BEGIN DATA EXTRACTS

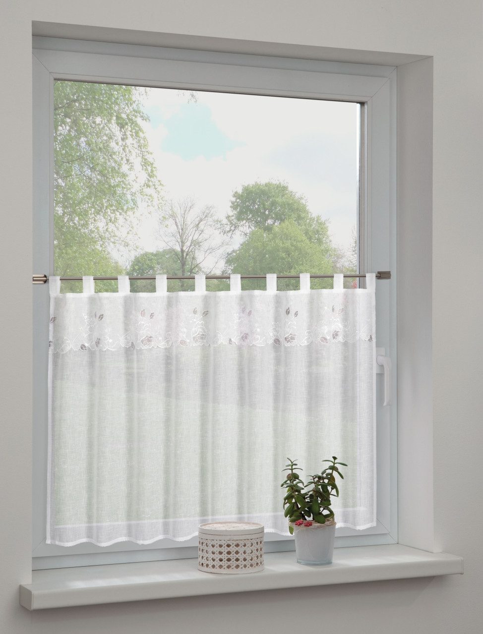 Die weiße Bistrogardine im floralen Design (75 x 135 cm) verleiht jedem Raum eine charmante Leichtigkeit. Mit zarten Mustern und hochwertiger Verarbeitung sorgt sie für stilvollen Sichtschutz und eine gemütliche Atmosphäre.
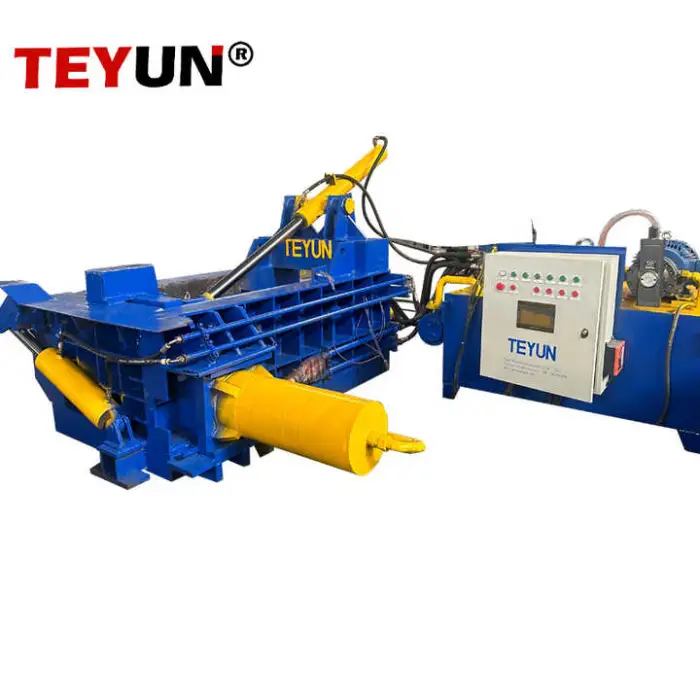 The TEYUN Y81-1000 Hydraulic Metal Baler compresses scrap metal (aluminum, brass, copper, carbon steel, stainless steel, alloys) into dense bales to reduce volume for easier storage, transport and recycling.
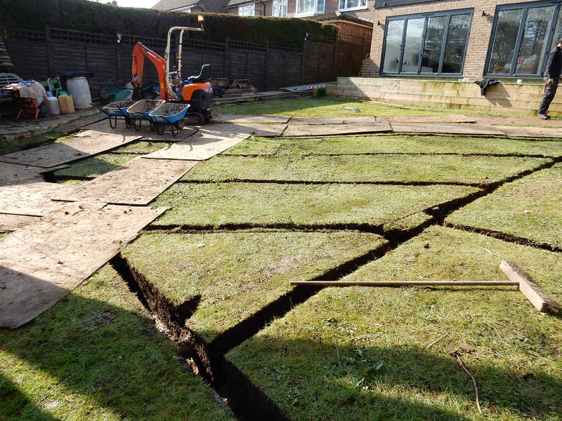 To acheive a new lawn for this garden in Claygate, Surrey drainage issues needed to be dealt with first. The old lawn and garden struggled with poor lawn drainage due to the confined area, poor soil and an in ground flow of water from higher neighbouring properties.
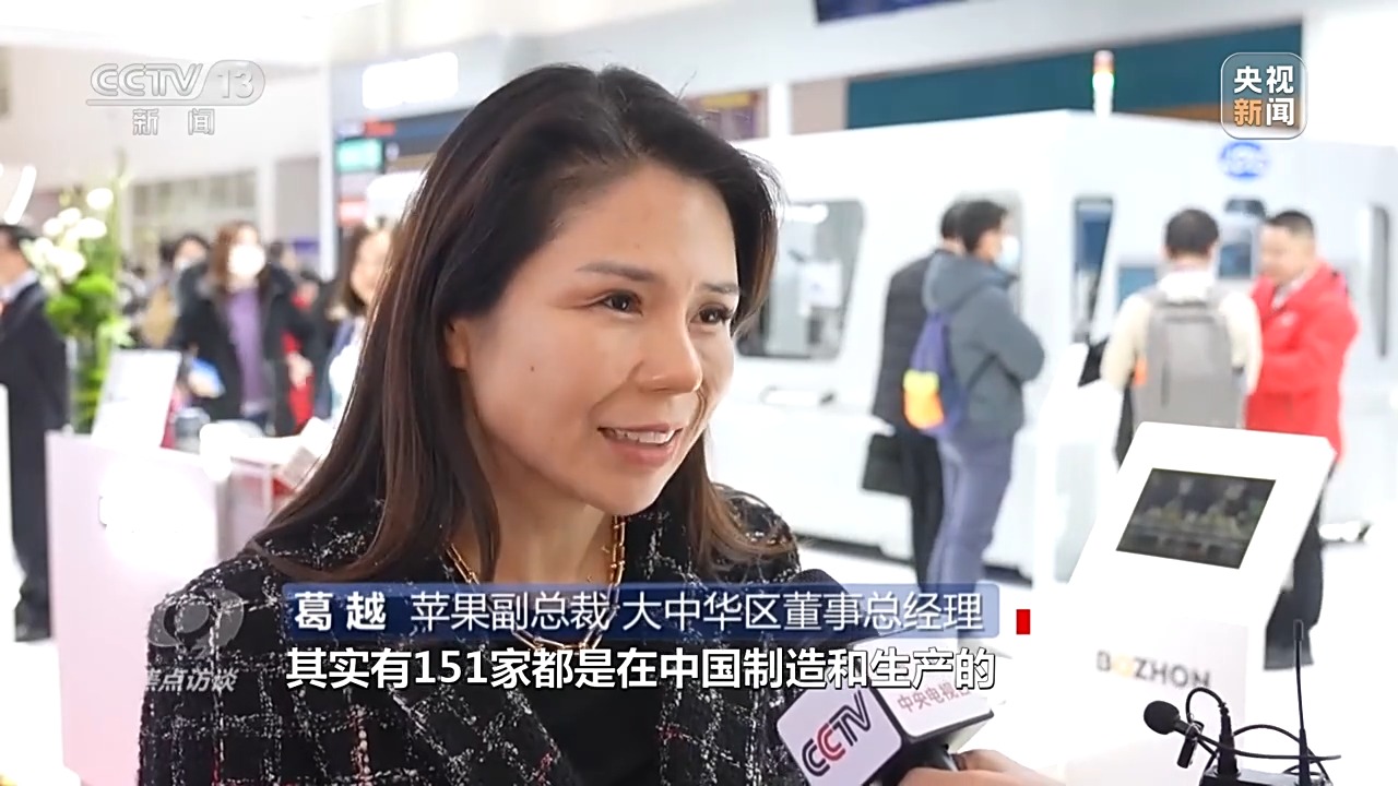 苹果副总裁、大中华区董事总经理 葛越:我们带来的是非常有代表性的几家供应商,我们在全球前200名供应商中,有151家都是在中国制造和生产的,其中智能制造也是重中之重。
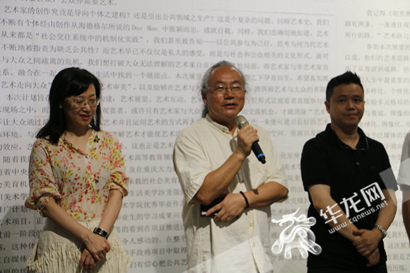 吴洁主持开幕仪式她在展览的序言里提到,艺术需要公众,公众亦需要艺术。面对艺术与大众之间疏离的危机,我们想打破大众无法理解的艺术家自说自话的尴尬局面,将艺术家与非艺术家直接联系,消弭掉艺术与大众的界限。艺术展览、艺术互动、艺术项目传播的全方位形式让观看者直接参与到艺术现场之中,而不再仅仅是一个观赏者。只有艺术家与大众有多方式的互动交流机会,才能消除“艺术”光环让大众通过最日常的生活介入艺术并且运用艺术的方式再去构建日常生活,如此一来便可建立良好的艺术生态环境。与此同时也只有引导大众理解艺术才能使艺术进入大众,艺术家才有更广阔的空间、资源以及所期待的效应,艺术作品才更有生效的可能性,这也正是艺术教育需要实践的部分。
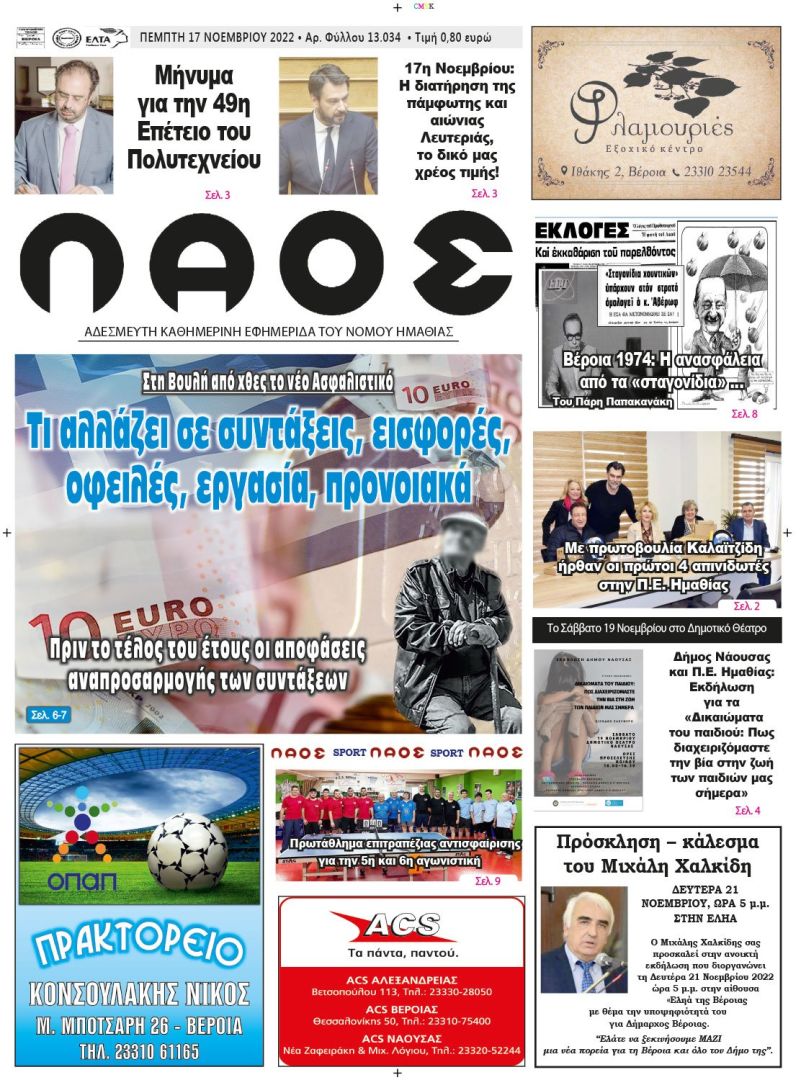 Πρωτοσέλιδο 17/11/2022
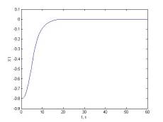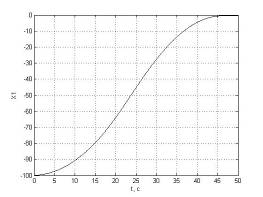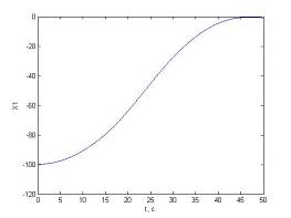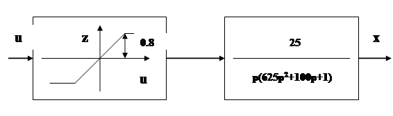 Первые представления о характере процессов в управляемом объекте можно сделать по структурной схеме. Объект является нелинейным, так как состоит из последовательно соединенных существенно нелинейного звена типа насыщение, интегрирующего звена и апериодического звена второго порядка, поэтому в состоянии статического равновесия объект находиться не может – при любом значении управляющего воздействия U, кроме нулевого. Выходная координата Xбудет возрастать по абсолютному значению. В объекте возможен установившийся режим- движение с постоянной скоростью изменения выходной координаты, который наступит после окончания переходного процесса в апериодическом звене второго порядка при условии, что управляющее воздействие постоянно. Максимальная скорость изменения выходной координаты зависит от значения управляющего воздействия и параметров нелинейного звена с характеристикой типа насыщение. Очевидно, что после звена с насыщением значение сигнала не может превышать ±0.8, поэтому численное значение установившейся скорости не превышает 20 с учетом коэффициента передачи объекта по управляющему воздействию, равному 25. Характер нарастания выходной координаты вначале движения при подаче на вход ступенчатого управляющего воздействия должен быть!!!!монотонным!!!, так как он определяется апериодическим звеном второго порядка, корни характеристического уравнения которого равны:
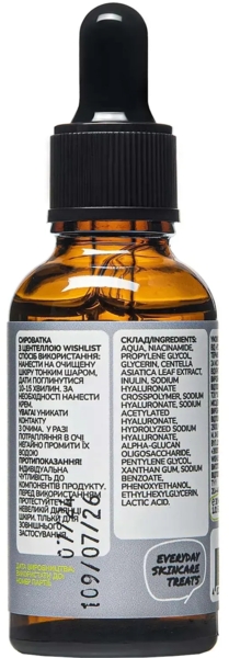 | Склад | Aqua, Niacinamide, Propylene Glycol, Glycerin, Centella Asiatica Leaf Extract, Inulin, Sodium Hyaluronate crosspolymer, Sodium Hyaluronate, Sodium Acetylated Hyaluronate, Hydrolyzed Sodium Hyaluronate, Alpha-glucan oligosaccharide, Pentylene Glycol, Xanthan Gum, Sodium Benzoate, Phenoxyethanol, Ethylhexylglycerin, Lactic Acid |
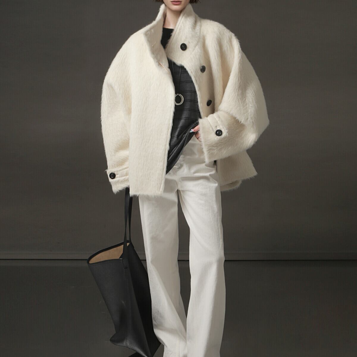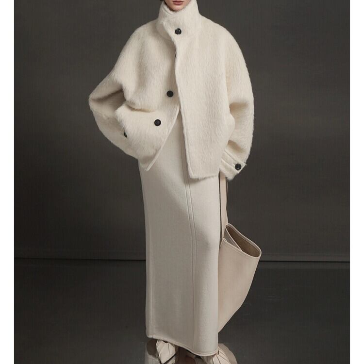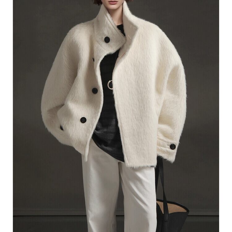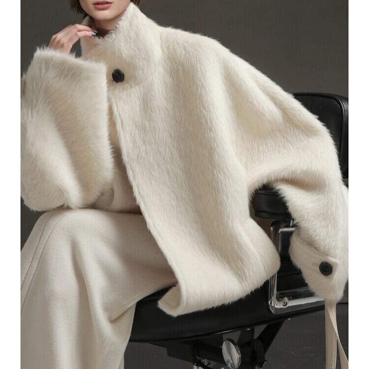 スタンドカラー アルパカ ハーフコート H10552
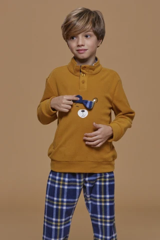Pigiama bambino micropile top giallo con applicazione e pantalone con polsino e stampa scozzese

END DATA EXTRACTS

* [WORK REQUIRED] Retype the line containing "スタンドカラー アルパカ ハーフコート H10552" and all lines after it to the end of the material, exactly as written, leaving out any pictures.

* [WRITTEN SOLUTION]
 スタンドカラー アルパカ ハーフコート H10552
Pigiama bambino micropile top giallo con applicazione e pantalone con polsino e stampa scozzese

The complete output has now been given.